DATA SHOWN:
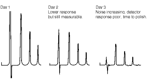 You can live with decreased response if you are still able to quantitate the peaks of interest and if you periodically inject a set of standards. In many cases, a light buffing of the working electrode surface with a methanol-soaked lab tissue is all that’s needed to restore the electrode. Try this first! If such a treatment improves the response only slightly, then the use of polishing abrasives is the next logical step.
--
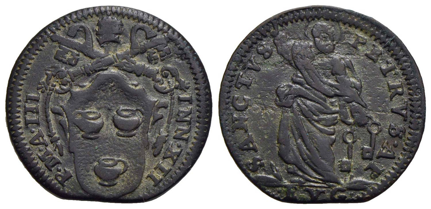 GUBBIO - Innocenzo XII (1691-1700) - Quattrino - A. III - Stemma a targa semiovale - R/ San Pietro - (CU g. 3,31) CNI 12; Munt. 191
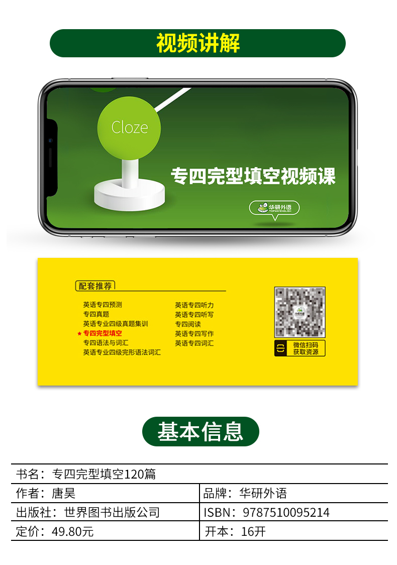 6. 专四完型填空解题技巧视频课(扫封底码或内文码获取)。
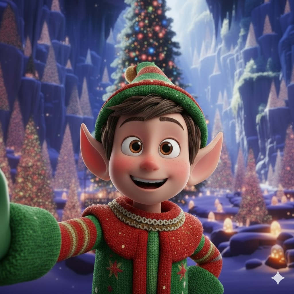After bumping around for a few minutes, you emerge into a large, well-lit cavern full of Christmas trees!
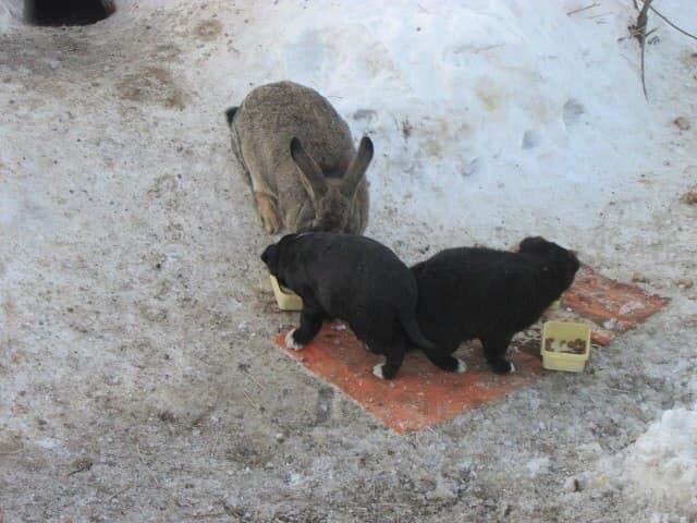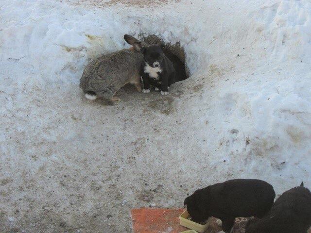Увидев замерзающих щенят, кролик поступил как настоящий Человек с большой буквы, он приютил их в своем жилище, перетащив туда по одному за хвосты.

REQUIRED WORK: Set down again, word for word, every line from the one with "6. 专四完型填空解题技巧视频课(扫封底码或内文码获取)。" to the one with "Увидев замерзающих щенят, кролик" in the entries above, and omit the pictures.

RESPONSE TO THE TASK:
 6. 专四完型填空解题技巧视频课(扫封底码或内文码获取)。
After bumping around for a few minutes, you emerge into a large, well-lit cavern full of Christmas trees!
Увидев замерзающих щенят, кролик поступил как настоящий Человек с большой буквы, он приютил их в своем жилище, перетащив туда по одному за хвосты.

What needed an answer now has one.